Endpoint Fleet Management

I wanted to demonstrate the power of cloud deployment, the ease with which I was able to get my system up and running and put my AWS learning to good use. I created the architecture shown below for a cloud deployment of Kolide Fleet Manager.

The magic of infrastructure as code is awesome!

I was able to create the complete system using a few YAML templates in AWS Cloud Formation. I can create and destroy the complete infrastructure at will within a few minutes.

The interesting challenge in creating this architecture was using a domain I purchased through GoDaddy and route traffic using AWS Route 53 DNS to my Kolide stack.

I also felt that somehow AWS should provide the capability to create the infrastructure diagram automatically based on the connected components. Hopefully, an AWS product manager reads this blog.

Endpoints Visibility using osquery

I created four endpoints in my home network (Windows 10 VM, Linux CentOS 7.2 VM, macOS 10.15 and macOS 10.14) installed osquery on them and connected them to my cloud deployment. The reason I wanted to create two macOS endpoints was to see how well osquery works on macOS 10.15. One of the challenges for such agents is that Apple has introduced significant security restrictions for applications, and I wanted to observe if there were any potential issues running osquery on macOS 10.15. I did not observe any issues in my tests.

As it can be seen below the home page displays the endpoint machines.

When the endpoints are disconnected, their status will change from online (green) to offline (red). As more endpoints are added they will show up as new hosts in the home page. It also displays the OS type and versions which is very useful if you need to ensure compliance.

Data Leak Information

I will not go into each of the tables and queries supported by osquery as the documentation provided by osquery docs does an excellent job, instead I wanted to focus on the usability of such a system in a typical enterprise environment for Data Leak Information (DLI). There are three use cases I was able to easily verify for DLI on macOS:

  • Capture information on documents printed from a host. On macOS, the printing uses CUPS (Common Unix Printing System) and osquery has a CUPS table which will capture any documents being printed from that host. This indeed is very helpful where one needs to capture potential data theft.

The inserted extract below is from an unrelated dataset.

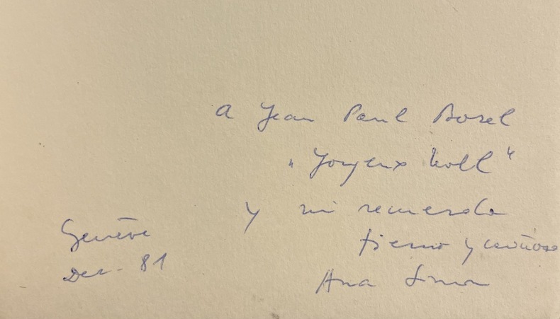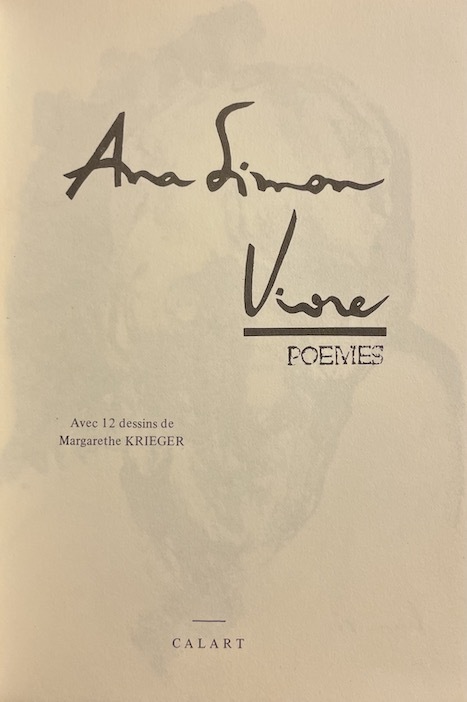 Vingt-six poèmes d'Ana Simon illustrés de 12 dessins de Margarethe Krieger. Premier recueil de poèmes d'Ana Simon, artsie au talents multiples, épouse de l'acteur François Simon, traductrice de Mircea Eliade, cinéaste. Exemplaire enrichi d'un envoi autographe signé de l'autrice.

Using a simple SQL query shown below, I was able to a get a complete list of every document ever printed from my machine (all records dating back to 2014 and well before I installed osquery).

SELECT * FROM cups_jobs;

The image above is from the exported csv file from Kolide Manager and shows the various times in Epoch time. The Epoch time (1598384396) translated to human readable date/time for the Financial Data – Confidential.pdf is Tuesday, August 25, 2020 12:39:56 PM GMT-07:00 DST. It also shows the username of the individual who printed the document.

  • Capture information on documents being copied to a USB device on a macOS host
  • Capture information on documents being copied to a share drive from a macOS host

Using the following somewhat more complex SQL query shown below, I was able to a get information on documents copied to both USB and network share drives.

SELECT action, file_events.uid, users.username, SUBSTR(target_path, 1) AS path, SUBSTR(md5, 0, 8) AS hash, time FROM file_events INNER JOIN users ON file_events.uid=users.uid WHERE sha1 <> '' AND target_path NOT LIKE '%DS_Store';

The results of running the query locally will show all files copied by a user to either a USB or a share drive as shown below.

Conclusions

There are several large enterprises using osquery for different use cases such as monitoring, incident response, IT compliance and vulnerability management. For each of these use cases, osquey supports a configuration through packs (groups of predefined quires, which run on a pre-defined schedule). I have presented yet another use case which osquery can easily support for monitoring DLI.

In a typical enterprise environment, it is unrealistic to query each of the hosts, but the capabilities built into osquery allow it to be connected to an ELK stack or to AWS Kinesis. The data gathered from all the hosts can easily be analyzed for such leaks. This makes an osquery based fleet very powerful for monitoring systems across the whole enterprise.